[Records from a data source]
◆ ◆ ◆ ◆
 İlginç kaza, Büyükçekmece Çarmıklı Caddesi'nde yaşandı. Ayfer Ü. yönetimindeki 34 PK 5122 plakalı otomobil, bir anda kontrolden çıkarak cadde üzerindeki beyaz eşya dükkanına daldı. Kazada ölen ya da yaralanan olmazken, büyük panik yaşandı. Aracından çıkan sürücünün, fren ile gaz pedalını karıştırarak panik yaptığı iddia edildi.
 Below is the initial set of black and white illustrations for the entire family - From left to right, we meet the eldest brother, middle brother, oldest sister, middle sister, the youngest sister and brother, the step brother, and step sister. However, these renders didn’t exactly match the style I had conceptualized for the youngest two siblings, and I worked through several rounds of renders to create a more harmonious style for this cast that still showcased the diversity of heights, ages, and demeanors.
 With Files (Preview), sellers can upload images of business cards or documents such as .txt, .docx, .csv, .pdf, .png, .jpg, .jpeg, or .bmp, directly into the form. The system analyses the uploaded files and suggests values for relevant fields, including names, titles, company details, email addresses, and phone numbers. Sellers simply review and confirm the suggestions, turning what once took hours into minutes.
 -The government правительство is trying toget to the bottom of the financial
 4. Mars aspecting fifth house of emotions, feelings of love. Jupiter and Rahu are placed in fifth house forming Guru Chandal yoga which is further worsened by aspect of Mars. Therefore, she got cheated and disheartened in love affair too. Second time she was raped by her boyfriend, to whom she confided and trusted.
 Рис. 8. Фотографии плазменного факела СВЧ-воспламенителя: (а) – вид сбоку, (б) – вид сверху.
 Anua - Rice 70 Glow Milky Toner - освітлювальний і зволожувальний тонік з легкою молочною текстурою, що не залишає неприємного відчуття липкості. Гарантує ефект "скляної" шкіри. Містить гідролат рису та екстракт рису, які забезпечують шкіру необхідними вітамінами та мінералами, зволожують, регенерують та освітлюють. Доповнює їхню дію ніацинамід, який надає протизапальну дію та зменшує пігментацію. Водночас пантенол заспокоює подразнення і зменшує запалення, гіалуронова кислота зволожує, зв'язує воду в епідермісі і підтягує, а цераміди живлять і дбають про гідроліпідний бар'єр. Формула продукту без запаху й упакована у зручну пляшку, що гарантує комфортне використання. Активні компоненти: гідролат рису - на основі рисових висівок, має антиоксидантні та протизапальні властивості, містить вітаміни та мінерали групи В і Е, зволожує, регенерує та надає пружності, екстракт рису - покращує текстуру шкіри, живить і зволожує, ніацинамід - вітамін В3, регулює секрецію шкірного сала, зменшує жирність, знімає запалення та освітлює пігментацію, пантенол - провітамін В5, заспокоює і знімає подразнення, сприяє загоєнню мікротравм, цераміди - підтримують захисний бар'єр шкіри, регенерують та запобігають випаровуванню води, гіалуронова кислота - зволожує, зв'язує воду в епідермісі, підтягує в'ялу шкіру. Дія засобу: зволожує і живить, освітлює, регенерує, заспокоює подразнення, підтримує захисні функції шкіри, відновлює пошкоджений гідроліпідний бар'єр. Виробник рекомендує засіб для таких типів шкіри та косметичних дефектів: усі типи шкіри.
◆ ◆ ◆ ◆
• _TASK REQUIREMENTS_: Above are records; repeat only the lines starting at the line with "With Files (Preview), sellers" and ending at the line with "-The government правительство", exactly as they appear, both included.

• _WRITTEN ANSWER_:
 With Files (Preview), sellers can upload images of business cards or documents such as .txt, .docx, .csv, .pdf, .png, .jpg, .jpeg, or .bmp, directly into the form. The system analyses the uploaded files and suggests values for relevant fields, including names, titles, company details, email addresses, and phone numbers. Sellers simply review and confirm the suggestions, turning what once took hours into minutes.
 -The government правительство is trying toget to the bottom of the financial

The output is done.